Yazidi women enslaved by ISIS say they didn’t agree to be in ‘Sabaya’ film

A promotional image from the documentary “Sabaya.” (Photo: MTV Documentary Films via The New York Times)

SULAIMANI (ESTA) — Yazidi women who were shown in “Sabaya” film about enslaved Yazidis by Islamic State (ISIS) militants said they did not agree to be in the film, New York Times reported.

The film, from Sweden, portrays the rescue of Yazidi women who were sexually enslaved by ISIS militants.

The acclaimed documentary won the prestigious Sundance Film Festival award for best director of a foreign documentary this year and opened the Human Rights Film Festival last month in Berlin, according to The Times.

Three of the women told the newspaper that they did not understand what the film’s director, Hogir Hirori, planned to do with the footage or were told that the film would not be accessible in Iraq or Syria.

Another woman said she knew he was making a film, but told him she did not want to be in it.
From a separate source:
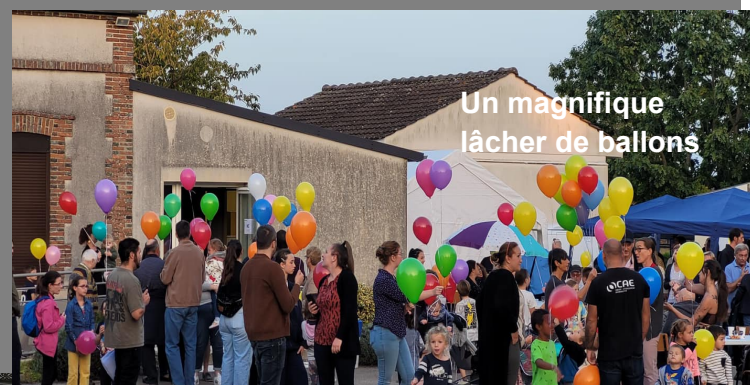
Un magnifique lâcher de ballons

The New York Times said a Kurdish-Swedish doctor also made clear that she did not want to appear in the documentary.

“I told them I do not want to be filmed,” the newspaper quoted one of the women as saying. “It’s not good for me. It’s dangerous.”

However, the director, who is a Swedish citizen and former Kurdish refugee, said he had gotten verbal, written or filmed consent from all of the women identifiable in the film.
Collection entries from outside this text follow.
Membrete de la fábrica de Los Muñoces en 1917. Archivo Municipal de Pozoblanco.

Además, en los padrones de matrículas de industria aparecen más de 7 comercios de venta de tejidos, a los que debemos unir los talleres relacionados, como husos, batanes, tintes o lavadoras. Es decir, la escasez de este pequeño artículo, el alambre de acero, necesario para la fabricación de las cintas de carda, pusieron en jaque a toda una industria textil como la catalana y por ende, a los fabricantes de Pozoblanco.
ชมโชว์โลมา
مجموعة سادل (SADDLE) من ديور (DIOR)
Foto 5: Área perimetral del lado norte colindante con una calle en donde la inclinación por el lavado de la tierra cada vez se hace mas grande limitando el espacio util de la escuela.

Hirori spent almost two years making the film in 2019 and 2020 and took several trips to Syria and Iraq.

“Some people changed their minds,” he told The Times.

The film depicts efforts to rescue Yazidi women by two Yazidi community leaders and guards at the chaotic and dangerous al Hol detention camp in northeastern Syria.

One scene in the film shows Dr. Nemam Ghafouri, a Swedish doctor who helped Yazidi women for years, according to The New York Times.

Ghafouri died in March after contracting coronavirus while reuniting Yazidi mothers with their young children fathered by ISIS militants.

One of her sisters, Dr. Nazdar Ghafouri, told The Times that there were text exchanges with Hirori still on her sister’s phone reminding him that she had not wanted to be in it.

The film touches on the highly charged topic of separation of Yazidi women from their children fathered by ISIS fighters.

Islamic State overran the Yazidi faith’s heartland of Sinjar in northern Iraq in 2014, forcing young women into servitude as “wives” for its fighters and massacring men and older women.

The militants shot, beheaded, burned alive or kidnapped more than 9,000 members of the minority religion, in what the United Nations has called a genocidal campaign against them. According to community leaders, more than 3,000 Yazidis remain unaccounted for.